So it really depends on the person. There are people who are able to make some changes and see dramatic improvements in their energy levels. And then, there are some people, I’m sure some people might be watching now who have had fatigue for years and it seems like no matter what they do nothing helps.

Every day in my Facebook group, or at least Monday through Friday, I create a post. And so, yesterday I put a post asking who in the group is experiencing fatigue to prepare them for this call. Just to let them know that we’re going to be talking about it. And I was looking at some of the comments, and a number of people have been experiencing it for years.

It’s bad enough for a few weeks or a few months, but experiencing severe chronic fatigue for a long time. But there’s definitely hope. It’s not always an easy process. Again, we’ll get to some questions in a minute or two, but I’m just wrapping things up. First of all, I wanted to thank you for getting together and for this interview, Dr. Hirsch. And I’d also like to thank you for the information.

So Dr. Hirsch, first of all, has a book, Fix Your Fatigue: The Four Step Process to Resolving Chronic Fatigue, Achieving Abundant Energy and Reclaiming Your Life. And even though it is available on Amazon, I’m going to put this in the chat where people could get a free copy or free PDF download of your book.

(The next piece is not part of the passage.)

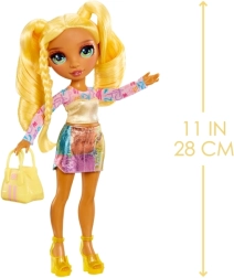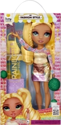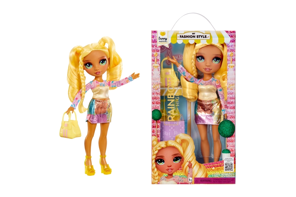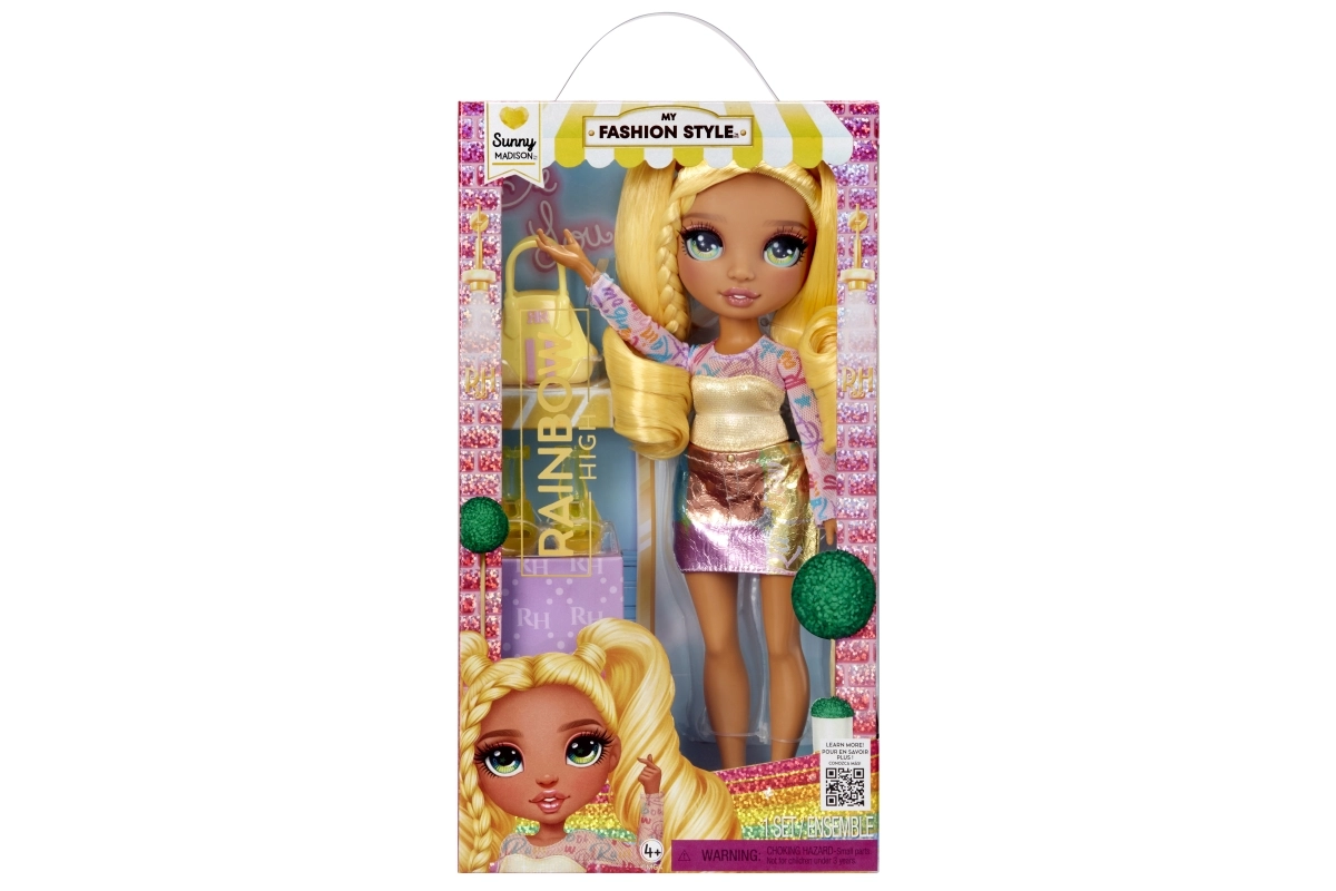 Conoce a la muñeca Sunny de la colección Rainbow High Fashion Style: un icono de estilo que brilla de la cabeza a los pies. Tiene cabello largo amarillo fácil de peinar, ojos de cristal detallados y pestañas delicadas. Incluye prendas de outfit a la moda, zapatos a juego y bolso. Gracias a sus articulaciones para un posado sencillo, es ideal para peinados, juego de historias y colección. Edad 3+.

Click here [2] to get a free PDF copy of Dr. Hirsch’s book

And then also, if they’re interested, I think this also will lead to your website where they could schedule a free call as well if they wanted to chat with you or one of your coaches to learn more about how to overcome their fatigue. Is that correct?

Dr. Evan Hirsch:

Correct. Yeah, to see if they’re a good fit for any of the programs that we offer.

Dr. Eric Osansky:

Okay. Cool. But a good place to start maybe is to get that free book and then if you feel like you want to schedule a call, definitely he’s ready to help. But let’s see if anybody has questions. Well, actually, before we dive into questions, any last words? Anything else that you’d like to say Dr. Hirsch that I didn’t ask you?

Dr. Evan Hirsch:

I think there are two things. So, the first thing is I just like to give you a quick take on my take on thyroid. Where besides the Bartonella piece, what I find is that, and I’m sure you see this as well, doctors are so reliant on their labs. If I had a nickel for every person who is undertreating their thyroid, I’d be a very wealthy man, right? So, I do what’s called the subjective ramp up, where we use glandulars, which are obviously natural. And we ramp up every two weeks in order to get people up to their top dose.

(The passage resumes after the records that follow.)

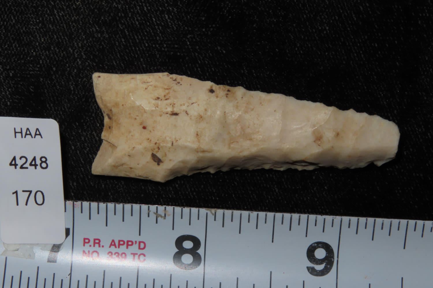 2 1/4″ Heartbreaker Dalton beveled on both sides found in Stoddard Co, Missouri.
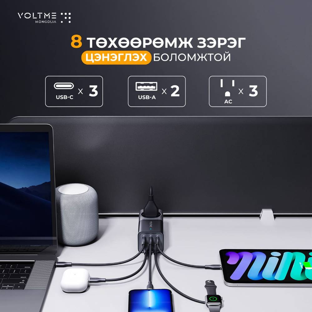 - Voltme VITO Go EzTravel Desktop Power Strip нь 3 USB-C порт, 2 USB-A порт болон нэмэлт 1 AC залгууртай, US стандартын дагуу нийт 8 төхөөрөмжийг зэрэг цэнэглэх боломжтой. VITO Go-ийн сайжруулсан хувилбар, чанартай хадгалах уут болон 1.2 м урттай 100W USB-C → USB-C цэнэглэх кабель дагалдана.
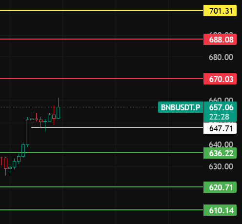BNB nocą zwróć uwagę na to miejsce 647, dopóki nie przebijesz tego miejsca przy korekcie, trend wzrostowy nadal będzie trwał, kontynuuj wzrost, zwróć uwagę na poziomy oporu 670-688-701 w pobliżu tych miejsc!

Because I find that thyroid helps everything. What’s the best blood pressure lowering medication, it’s thyroid. What’s the best cholesterol lowering medication, it’s thyroid, right? But I also ramp things up in a specific format where you’ve got to replace the adrenals first and then replace the mitochondria before you go after the thyroid. Because the adrenals and the mitochondria will both make the production of thyroid better, its absorption better.

And so, you’re improving thyroid function along the way, you don’t want to ramp up on your thyroid without working on the adrenals and the mitochondria. So, that’s like my two cents on that. And then, the second thing is really about encouraging people to stay in action. Make sure that you’re moving forward, make sure that you’re working through Dr. Eric’s plan so that you are going to be successful.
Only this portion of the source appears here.